Dr. Thanam L. Paramanandhan, 75, of Spring Grove, faces six counts of unlawful delivery of a controlled substance alleging she illegally wrote prescriptions in 2006 and 2007 to a police informant and an undercover McHenry County Sheriff's deputy who came to her office complaining of back pain. Her medical license was suspended after the allegations surfaced in May 2007; she could face two to five years in prison if found guilty.

Assistant McHenry County State's Attorney Michael Combs told jurors Paramanandhan sold the undercover officer a prescription for Vicodin after she came to her Richmond office Dec. 22, 2006, and said her back hurt.
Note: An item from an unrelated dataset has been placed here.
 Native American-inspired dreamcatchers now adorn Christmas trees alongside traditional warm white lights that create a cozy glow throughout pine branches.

She received a refill about two weeks later, charges allege.

"It was $55 for the drug of your choice just by complaining of pain," Combs said. "No examination was given. This was simply a cash transaction that no legitimate doctor would have conducted."
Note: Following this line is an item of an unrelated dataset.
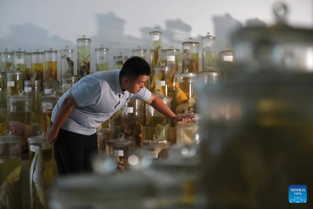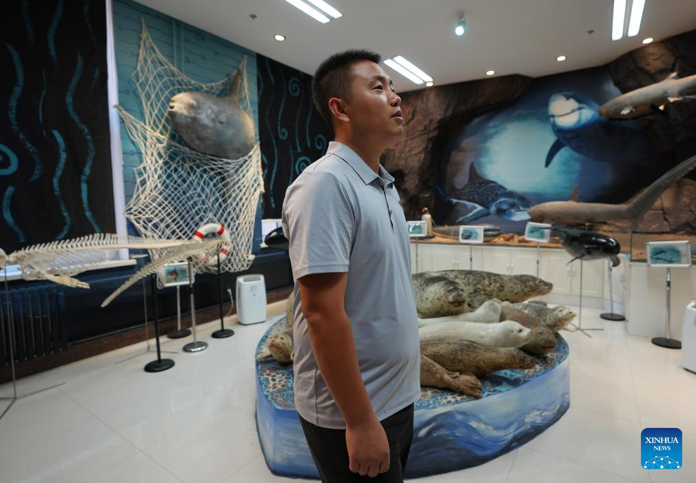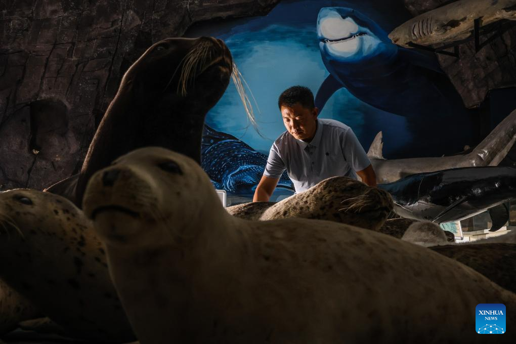 Wang Zhen arranges spotted seal specimens in the Liaoning Ocean and Fisheries Science Research Institute in Dalian, northeast China's Liaoning Province, Sept. 6, 2024. (Xinhua/Liu Dawei)

Paramanandhan's medical office, Combs added, was in such a state of disrepair that it would have been impossible to give a legitimate examination even if she wanted.
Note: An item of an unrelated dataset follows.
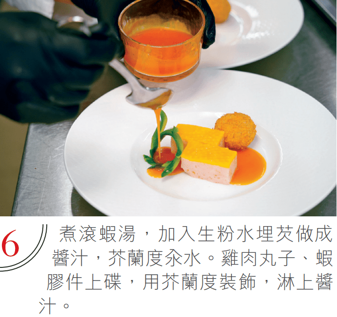 煮滾蝦湯,加生粉水埋芡做成醬汁,芥蘭度汆水。雞肉丸子、蝦膠件上碟,用芥蘭度裝飾,淋上醬汁。

The officer was brought to Paramanandhan by an informant who, Combs said, also obtained prescriptions for Vicodin and Valium in the name of his son. The informant's son was in a Wisconsin jail at the time.

Paramanandhan's attorney, Daniel Hofmann, did not dispute that she issued the prescriptions, but argued that she was misled by the informant and police officer. The informant's son for whom she issued prescriptions, Hofmann noted, had been receiving treatment from her for injuries sustained before his incarceration in Wisconsin.

And, he added, when the undercover officer came to her office a third time looking for more Vicodin, Paramanandhan refused, telling her to exercise or change her diet if her pain would not go away.